Wednesday, December 16, 2015

Gene McCormick- Two Poems



A Bottle Of Mateus

At four o’clock in the afternoon the low sun
casts a triangular shadow along the side of the building
diagonally from the top NW corner
down to the lower SE corner, while the rest
of the wall remains sun-bleached yellow stucco,
a pattern repeated every afternoon
until the sun seasonally moves on.

A man walks by the building, an older man
with white hair wearing an oversize white t-shirt,
black walking shorts that were suit pants
until he cut them off just above the knee,
black ankle socks and black wingtip shoes.
The t-shirt and shorts emphasize toneless
white stick arms and legs as he walks at a rapid gait,
his upper body leading the lower half so his head
casts a shadow across his black shoes.
If it were raining, which it is not,
the leather soled shoes would have trouble
getting enough traction to maintain such a pace.

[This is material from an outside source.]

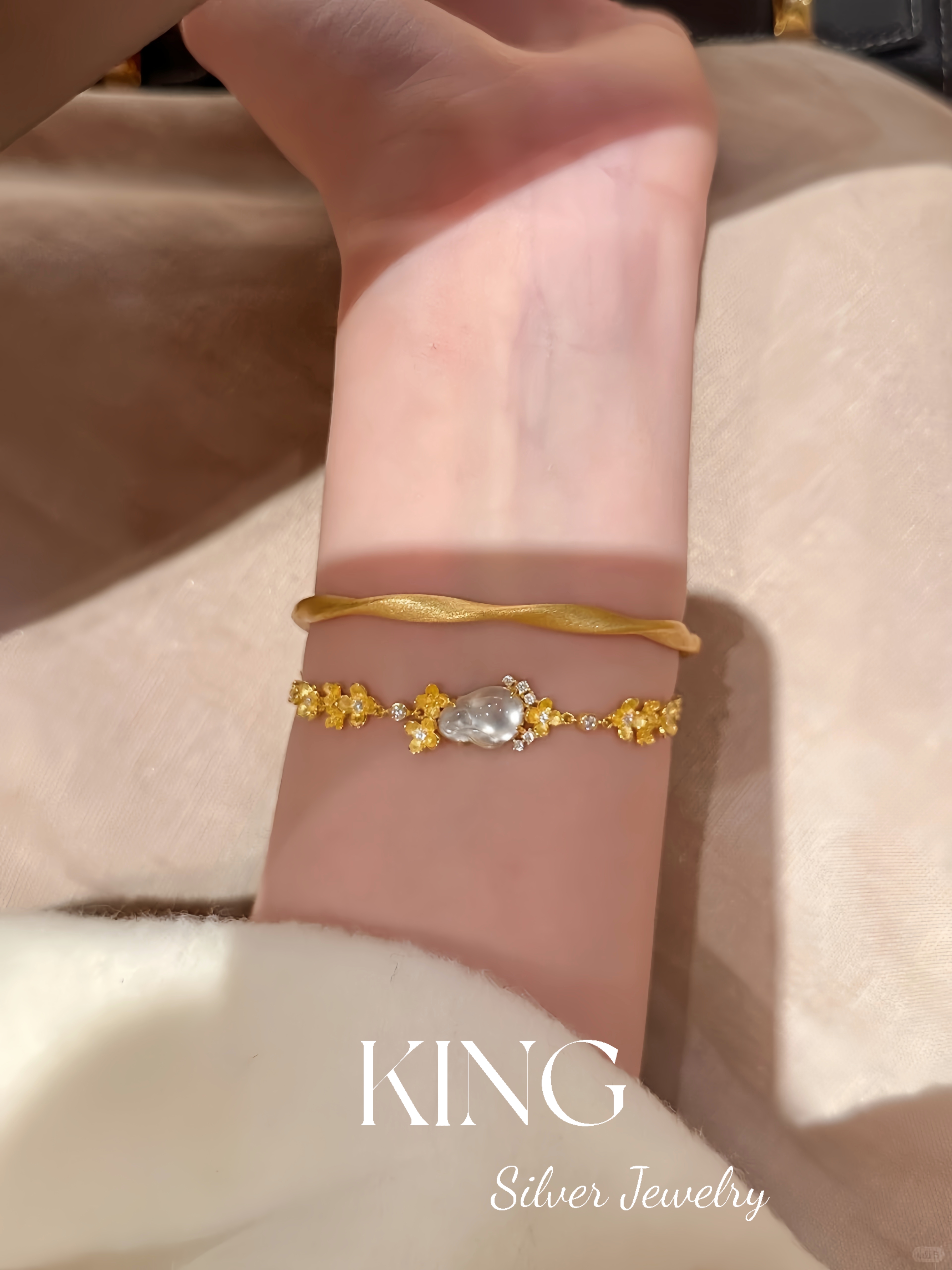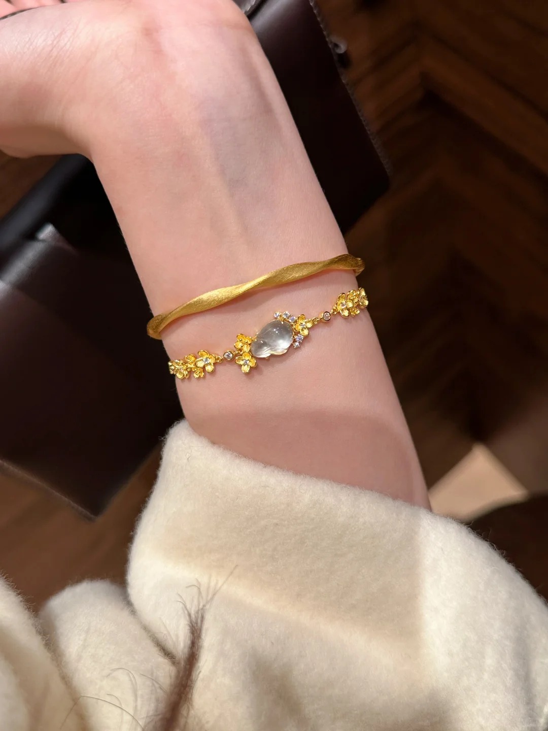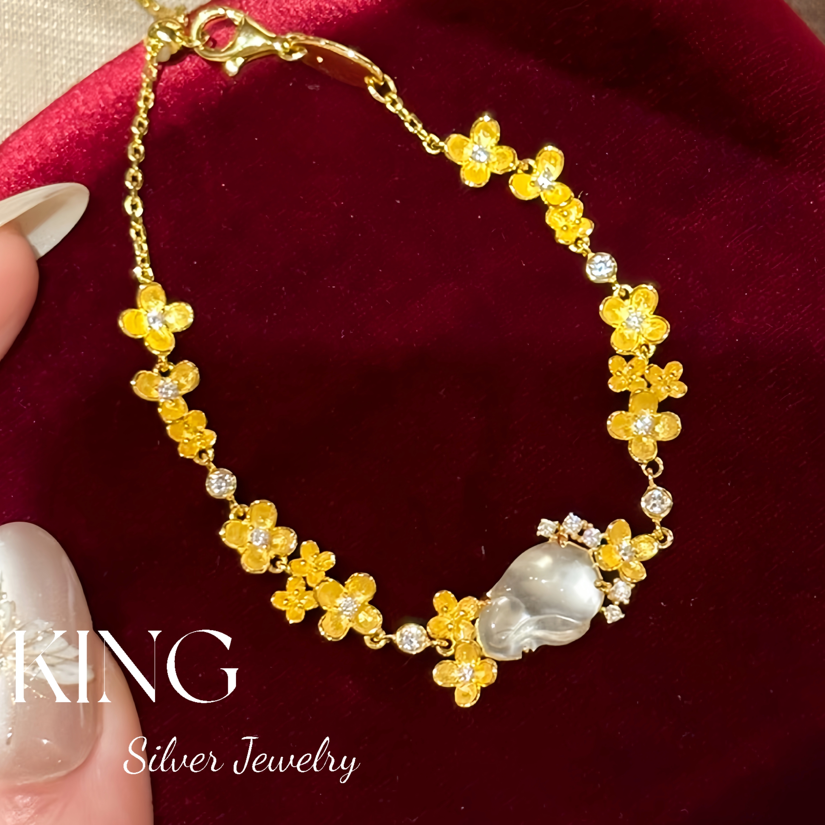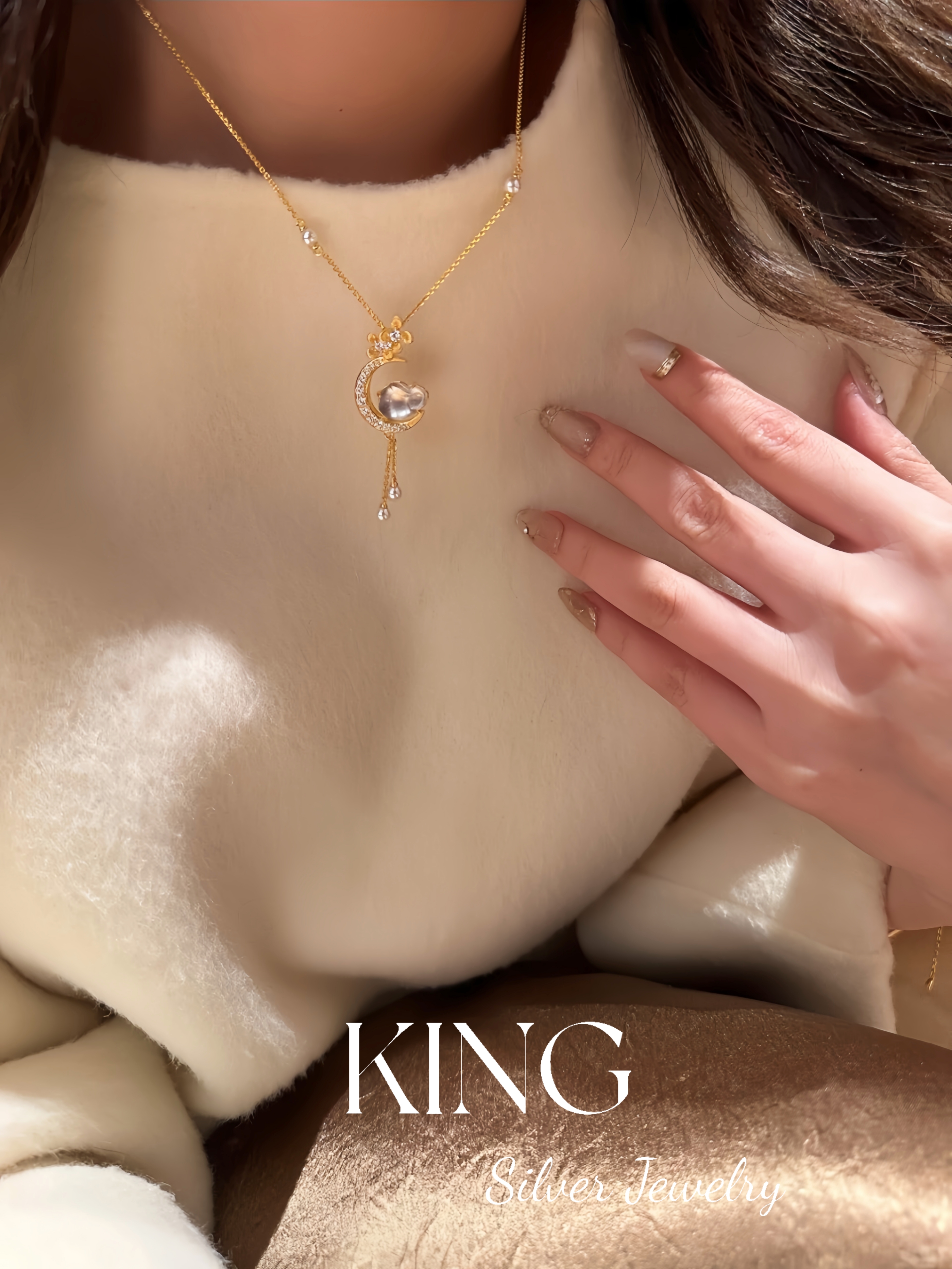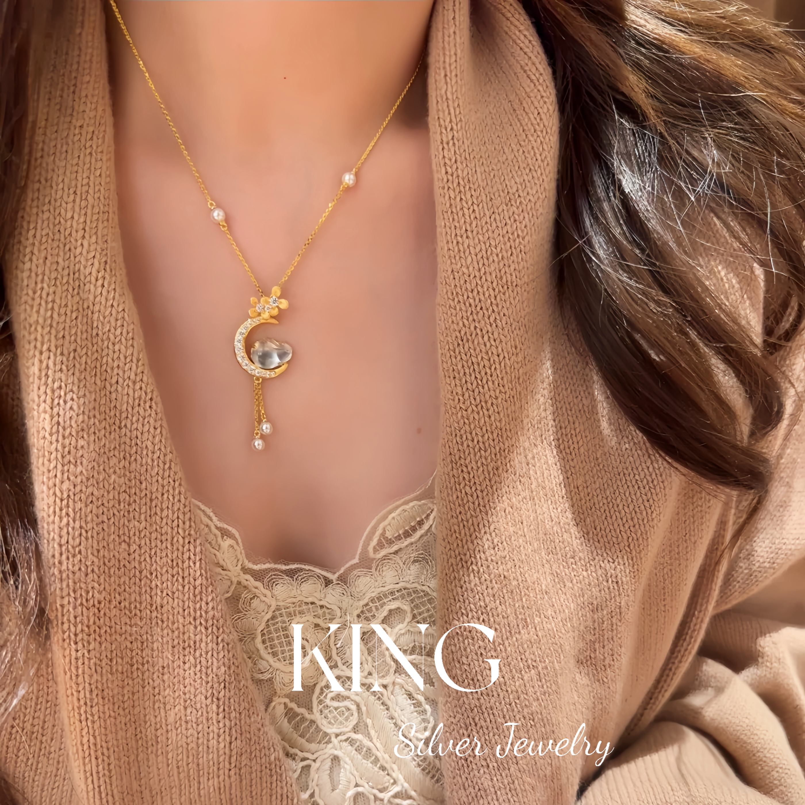 Jade Rabbit Sleeping | king Silver Jewelry Brushed Osmanthus Flowers Shuimo Jade Rabbit Tassel Retro Sterling Silver Necklace Bracelet

He looks odd, dressing like that to take a walk,
close to the building, scraping against its warmth
on his way to buy a bottle of red wine. Mateus.


Play Autumn Leaves For Me

Slouching on the worn piano bench he uses his
left hand middle finger to hit the white keys
one at a time, each of them successively,
then with his right thumb taps each black key
again one at a time going from west to east
while his feet trundle the pedals in a
left-right left-right rhythm as though
in a chain gang prisoner march.
The sound doesn’t hang in the air for long.

His fingers are neither long nor elegant
like those of a born pianist.
They are short, squat, and his fingernails
are clipped too close, partly because
he wears heavy-duty gloves when shoveling coal.



Brief Bio: Gene McCormick thrives on burnt toast, gorging on it, dipping the blackened pieces in buttercream icing and washing it all down with jugs of Mateus while playing Chopin’s Polonaise in A-flat (Jose Iturbi’s variation) with his left thumb.